One day, the girl learns to her horror that her father has lost all his money thanks to the stock market. She and her dad move in to a small apartment together and she desperately tries to cope, fearful of losing her boyfriend in the process. She eventually settles on a job at a cabaret, but the recurrent appearances of a moustached man (Ferdinand van Alten) makes things more interesting.

Had Champagne stuck to its relevant riches to rags tale, it would have told a captivating story. But the irony here is that Hitch overreaches. This movie has too much plot, bending from one pothole to another in hopes of eventually landing somewhere. When the father reveals the truth at the end of the pic, all groans and eye-rolls are absolved.

That doesn’t mean this is an insignificant jaunt by any means. Hitchcock astutely starts and finishes his movie with a well-ordered establishing shot of the inside of a champagne glass. This icon of opulence, apparently the business daddy is in prior to the crash landing, sets up the theme of excess and merriment.
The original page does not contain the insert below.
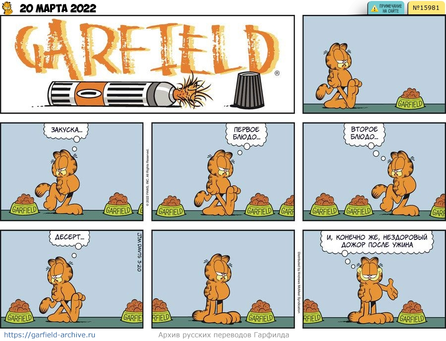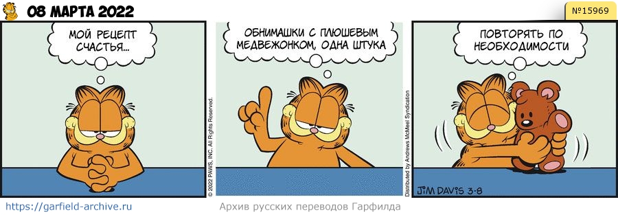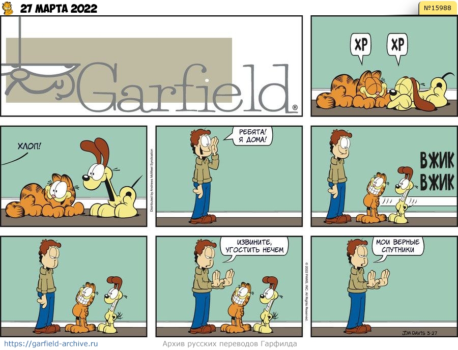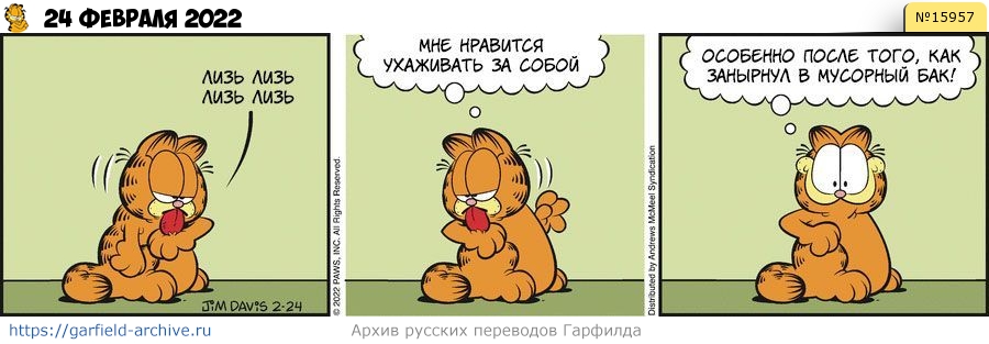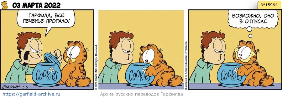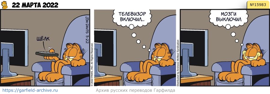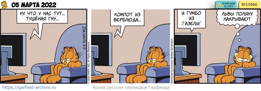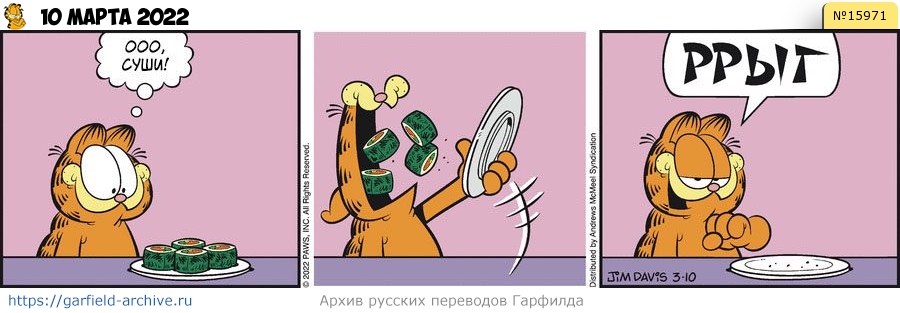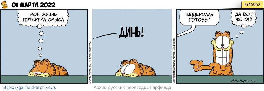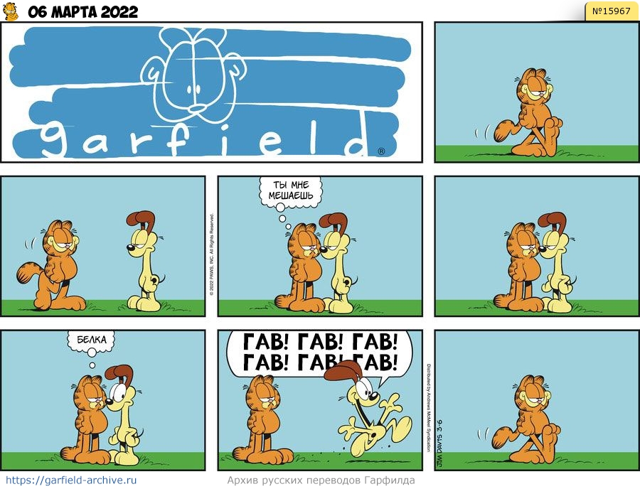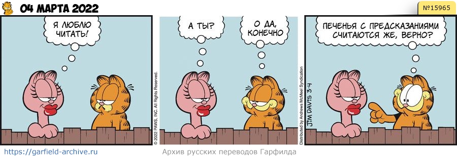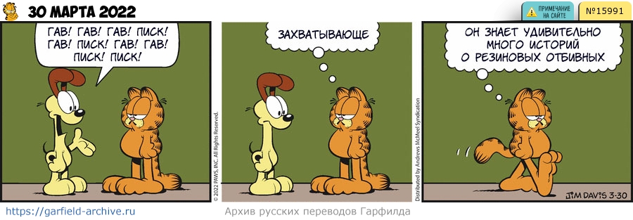 | Записки переводчика к стрипу Вообще Гарфилд говорит не просто о резиновых отбивных, а о резиновых свиных отбивных. Правда, из-за этого целиком его речь не умещалась в "облачко". Ну с другой стороны действительно - если отбивная резиновая, какая разница - свиная или нет?.. стрип переведен 30/03/2022 | |

Hitchcock makes use of a number of compelling techniques to go with the champagne motif. He sways the camera back and forth to exemplify the motion of the ocean liner and picks up the action of a purse-snatching by only shooting his characters below the waist. Unfortunately, the framing in a lot of these shots is negligible and a lot of the more elaborate tricks ring hollow.

Champagne has a lot of humour, which is a plus. Balfour is a magnetic and funny lead, offering quickly-changing expressions to reflect the whirlwind of concepts moving through her head. She communicates well and showcases her wit with glee. One amusing moment has her verifying her nose after seeing a woman with a giant honker in the employment centre.

Regrettably, Champagne’s moments of magic aren’t enough to save this movie from itself. For every winning scene, like the one with Balfour’s character entranced by operations at the cabaret, there is a terrible moment, like the big reveal. Hitchcock’s “low ebb” is still better than many films, but it’s certainly a lesser light by his standards.